吴玉萱如今瘦了些,一讲话软软的,这满嘴的往陈孟昭身上推责任,听起来竟有股子亲昵娇嗔的味道,她抿唇看着他,见他脸色依旧不好,便笑着晃了晃他的袖子。

陈孟昭垂首盯着他,“呵~你这丫头,倒是会往我身上推。”言语里不留情面,可是脸色却变得十分温和。

吴玉萱换完衣裳,坐在暖炉旁一边暖手一边跟卫媛说话。卫媛昨儿个回娘家省亲去了,捎带着提了几句平妻的事,左将军便上了心。

吴玉萱前阵子都在卫媛这里,从早晨起来一直待到晚上,这几日陈嵩因为户部上任的事,这几日都在仇氏那边儿,卫媛嫌闷,便经常去找吴玉萱,一来二去的两人关系就更好了。

陈嵩带着芙蓉酥进了院子,刚掀开门帘就听见里面笑声阵阵的,卫媛将一个画册子翻给吴玉萱看,“如何?听说这是长安最新吃得开的发式,我瞧着这跟个大枕头似的,难看的要命……”

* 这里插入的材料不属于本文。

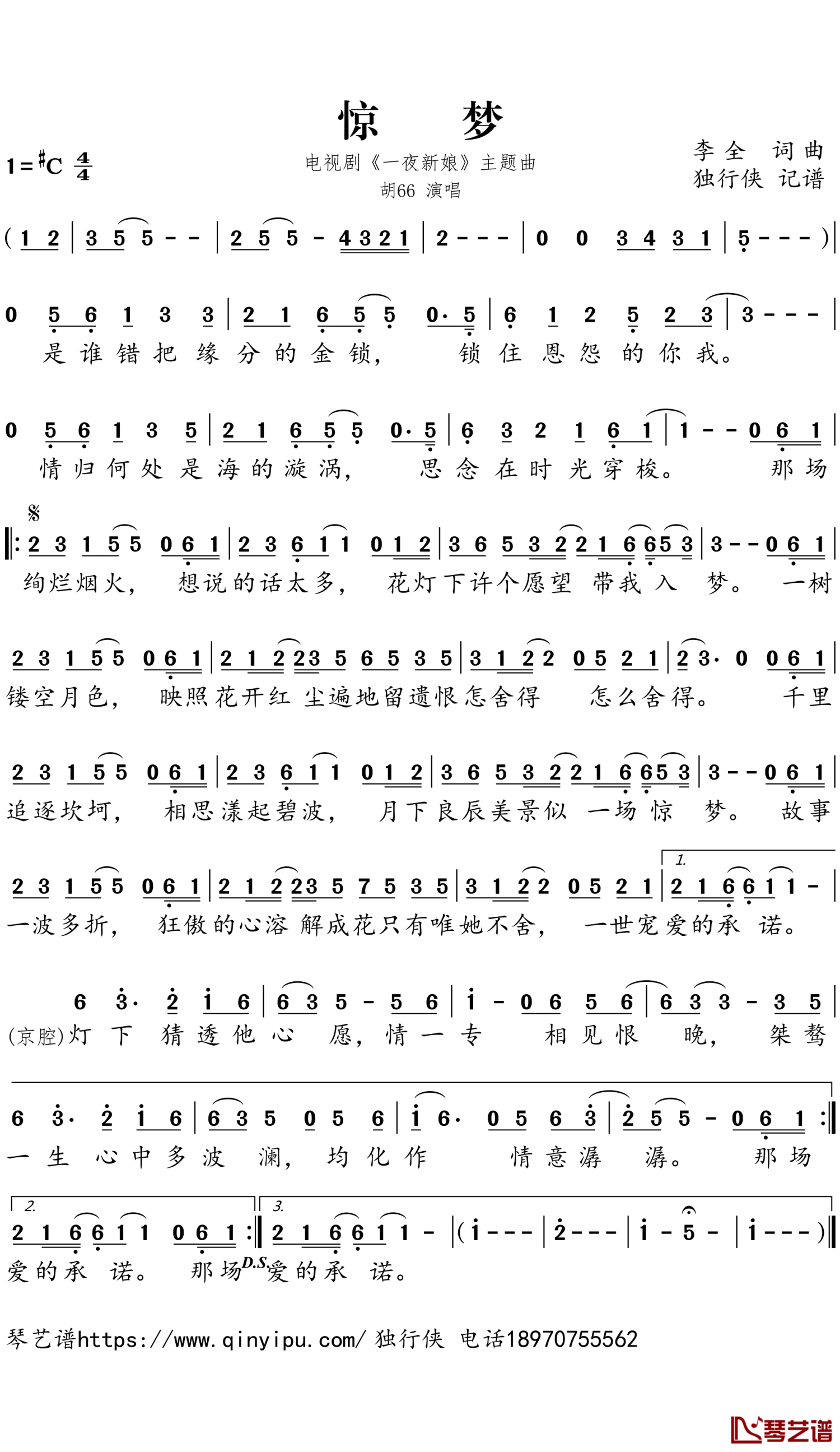 曲谱介绍: 胡66《一夜新娘》歌词_简谱

吴玉萱托着小脸,一边蹙着眉一边软软道:“嗯,我觉得也像个枕头,太厚重了,真的有人梳这样的发式?”

还未等卫媛回答,两人就不约而同的笑在一起。。

陈嵩笑了笑,他宠爱卫媛也不单单是她的相貌,而是她的心性,很纯净,喜欢就是喜欢,不喜欢便是不喜欢,就如同跟前这宜安县主,从进府那刻,她便瞧着顺眼,饶是别人怎么私下里败坏宜安县主,她都对她好。陈嵩捋了捋袖子,也难怪陈琼莹说卫媛有当家主母的心胸。他想着等过些日子,就请旨给她封个平妻。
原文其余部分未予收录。